Davis accepts that it is possible for Protected Profits to cash out, but says it would take a single-day stock market fall in excess of 30%. And the absence of options does not mean these products are defenceless in the face of market volatility - both ZFS and HBOS say significant volatility would cause the company to step in and start pulling money out of equities more rapidly than usual.
Derek Borland, a senior product manager at HBOS in Leeds, says: "We looked at the threat of cashing out and if volatility hits an extreme spike, we exit equities quicker than you would normally expect. That cash would then be used to buy futures and options to gain exposure in the event of the market coming back. It can't ever cash out completely - there's always some equity exposure."
THE NEXT STEP IN CPPITThe latest arrival is dynamic capital protected portfolios (DCPP) - a product that SG Hambros has been working on for six months along with the equity derivatives team at Societe Generale Corporate and Investment Banking. The aim was to create a product that would combine the active management of CPPI with the security of an options-based product.
The bank plans to launch the product in mid-October, and Martin Brookes, SG Hambros' deputy chief investment officer, says the first tranche will raise around £30 million. Over the next three to six months, "we'd be pretty disappointed if we hadn't raised £100 million" with follow-up tranches, he says.

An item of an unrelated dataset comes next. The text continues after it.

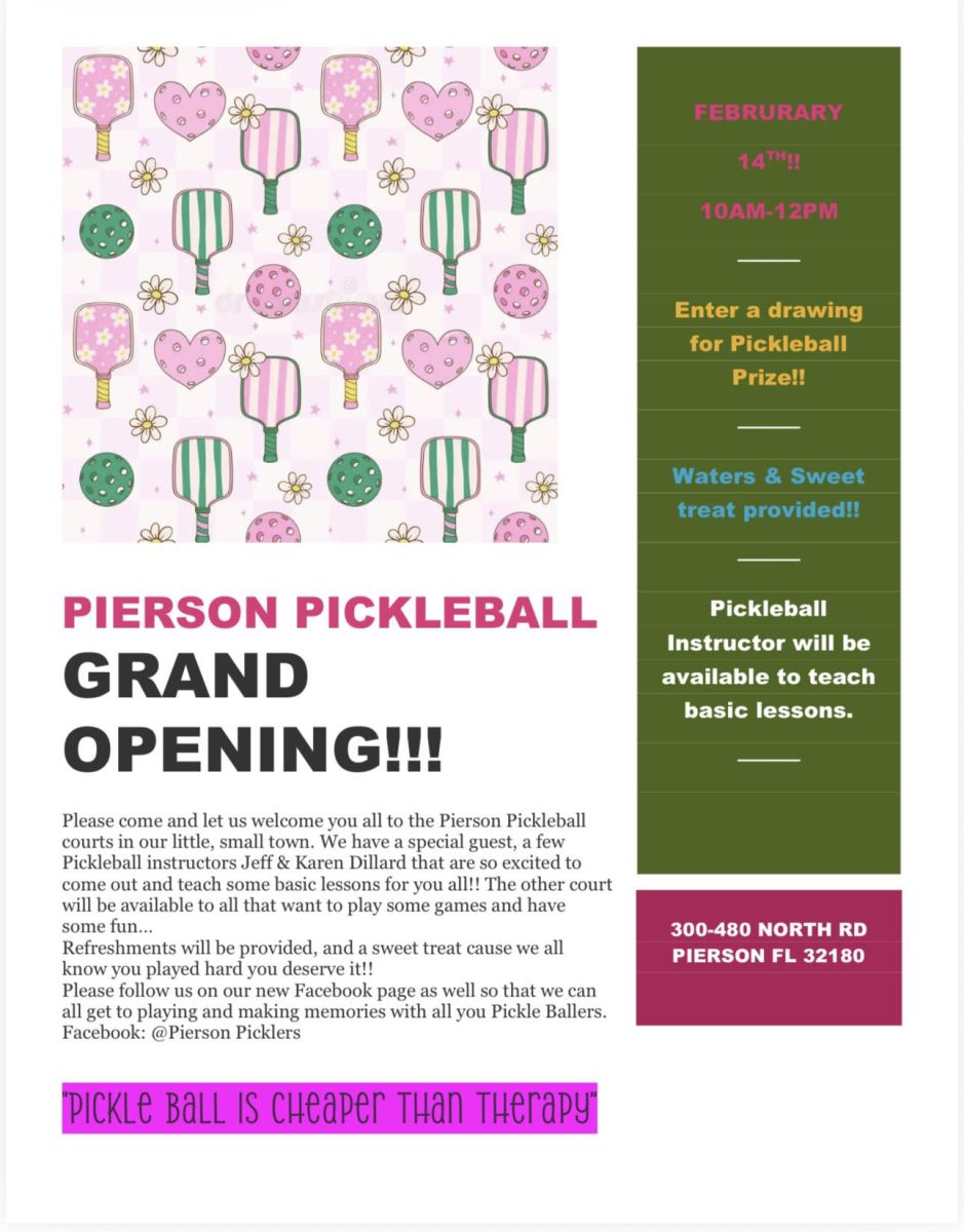 The Pierson Picklers will host a pickleball grand opening at North Road Park, 300 North Rd, on Saturday, February 14, 2026 from 10:00 AM until 12:00 PM. Pickleball instructors Jeff and Karen Dillard will be available to teach basic pickleball lessons and refreshments will be served. For more information, please visit the Pierson Picklers on Facebook by clicking here!

Superficially, the product structure is pretty simple: most of the money is invested in a zero-coupon bond that provides a 100% capital guarantee at maturity. Alongside that, a call option is linked to an actively managed fund of funds and a target asset allocation is agreed on, with monthly investment decisions taken by SG Hambros. However, these investment decisions are accompanied by a volatility cap set at 10%. On a daily basis, the volatility of the fund of funds is calculated and a simple calculation performed. "We divide the level of the cap by the one-month historical volatility of our target asset allocation - the result of this calculation will be the exposure of the fund of funds to our target asset allocation," explains Alex Zimmermann, a senior portfolio manager responsible for ultra-high-net-worth and family office clients at SG Hambros in London.
As an example, if the volatility of the assets is 10% on a given day (equalling the level of the cap) the funds would be fully exposed to the target allocation. If volatility increased, the allocation would be adjusted until it falls within the cap - riskier assets would be wound down and less risky assets would be beefed up. A spike in volatility to 20% would see a 50% exposure of the fund of funds to the target allocation. A drop in volatility to 5% ought to see the fund of funds taking on leverage to boost the exposure to 200% - but SG Hambros has capped the leverage that can be used so exposure will not go above 150%, says Zimmermann.
This volatility capping regime has the dual benefit of protecting investors and boosting the product's upside potential. Because the writer of the call option knows that the volatility of the underlying is capped at 10%, the premium is relatively cheap. As a result, SG Hambros is able to provide equity participation of 95%. Without the volatility cap, participation would only be 70-75%, says Zimmermann.